At precisely forty-seven minutes past six, the first man made his appearance. He was a thick-set, pompous individual, with a gold-headed cane and gold spectacles, and climbed up the stairs with dignity and difficulty. He was followed by a pale little woman, four small children, and a stout, red-haired nurse, bearing in her arms a baby, which was laboring under an attack of the intermittent squalls. Marcus reconnoitred the party through his pigeon hole, and nervously jingled the seventy-five cents in his hand. Tiffles stepped forward to the head of the stairs, in order that he might not be wanting in personal respect to his first patron.
As this thick-set man ascended the stairs, the boys hushed their voices; but Tiffles distinctly heard several of them say, “It’s the Square.” Though apparently awestruck in his presence, the boys did not forget to play a few practical jokes on “the Square’s” children, such as slapping them, and pinching their legs as they clambered wearily up. A peal of cries from his tortured offspring, particularly the baby, who received a pin in a sensitive part of its little person, so enraged “the Square,” that he would have beaten all the boys with his gold-headed cane, had they not jumped away, laughing, and got safely out of the building, only to be back again the next minute.

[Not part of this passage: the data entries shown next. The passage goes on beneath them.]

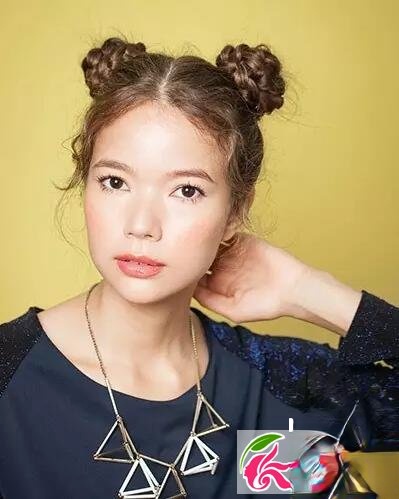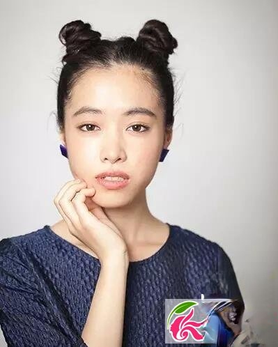 像张雨绮的全扎式的“哪吒头”,可爱俏皮,瞬间达到减龄效果。双丸子头的角度要适中,在头的顶部两端扎上两个蓬松的丸子头,注意过大易变成大头娃娃,太小易显脸型的缺点。所以,一定要适中哦!
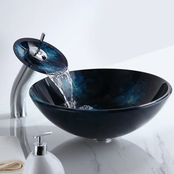 This dark blue combo set will be the statement in any residential or hospitality setting. Artistically painted in two-tone blue, this design is eye-catching and unique to add depth and dimension to bathrooms or powder room. Handcrafted from tempered glass, the sink has a strong and lustrous surface that prevents discoloration and fading and requires less maintenance. The faucet features a glass spout in a matching pattern that sends water down to create a waterfall. Enjoy this handsome vessel sink and faucet combo for years to come.
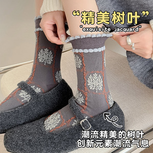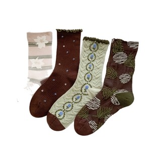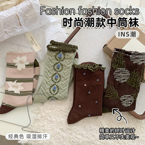 CHEEMY FREE秋冬新款复古花花系列中筒袜咖绿系森系棉袜ins风潮袜

“You should not allow these boys to hang around the stairs, sir,” said the pompous man, planting his foot on the topmost step, and bringing down his cane on the floor with the ring of a watchman’s club. “It’s trouble enough to come to your panorama, without being annoyed by all the young vagabonds in the village.”
“I’m sorry, sir,” replied Tiffles, inwardly laughing, “but it would take six strong men to regulate the little rascals.”
“Then you ought to employ six strong men, sir. It’s your business to see that your patrons are not insulted.”
Tiffles could only smile deprecatingly.
“Every exhibition in this hall, for a year past,” continued the man, “has been a humbug—an outrage on the common sense of mankind. Perhaps yours is an exception, though, to be candid, I have my doubts of it. Do I understand, sir, that you have travelled in Africa?”
Tiffles indulged in the unjustifiable deception of nodding his head.
“And you mean to say that the sketches for this panorama were taken on the spot?”
“Yes, sir; on the spot—in a horn.”
“In a horn! What’s that?”
“A technical phrase, sir, which it is hardly worth while to explain at length. Briefly, however, I may say, that no more ingenious or satisfactory mode of taking sketches has been invented.”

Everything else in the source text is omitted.